▶ _TASK STATEMENT_
Write out the stretch of lines below that begins at the line with "Бумага для скрапбукинга" and ends at the line with "Estabilidade térmica absoluta", including both, exactly as given and nothing more.

▶ _RECORDED DATA_
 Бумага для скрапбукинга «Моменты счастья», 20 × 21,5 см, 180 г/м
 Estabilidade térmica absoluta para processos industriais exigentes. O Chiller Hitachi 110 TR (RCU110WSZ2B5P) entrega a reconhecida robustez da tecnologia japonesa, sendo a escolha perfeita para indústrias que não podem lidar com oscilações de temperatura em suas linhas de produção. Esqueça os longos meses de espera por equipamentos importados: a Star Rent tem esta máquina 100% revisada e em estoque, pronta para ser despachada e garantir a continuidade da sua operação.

* * *

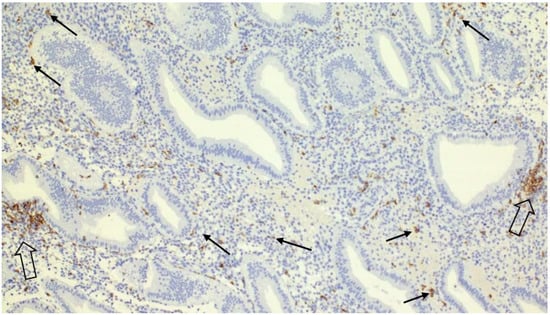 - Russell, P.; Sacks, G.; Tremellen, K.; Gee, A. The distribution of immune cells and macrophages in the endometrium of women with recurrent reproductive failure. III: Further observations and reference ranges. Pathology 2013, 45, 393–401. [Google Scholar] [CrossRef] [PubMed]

▶ _RESULT FOR THIS EXERCISE_
 Бумага для скрапбукинга «Моменты счастья», 20 × 21,5 см, 180 г/м
 Estabilidade térmica absoluta para processos industriais exigentes. O Chiller Hitachi 110 TR (RCU110WSZ2B5P) entrega a reconhecida robustez da tecnologia japonesa, sendo a escolha perfeita para indústrias que não podem lidar com oscilações de temperatura em suas linhas de produção. Esqueça os longos meses de espera por equipamentos importados: a Star Rent tem esta máquina 100% revisada e em estoque, pronta para ser despachada e garantir a continuidade da sua operação.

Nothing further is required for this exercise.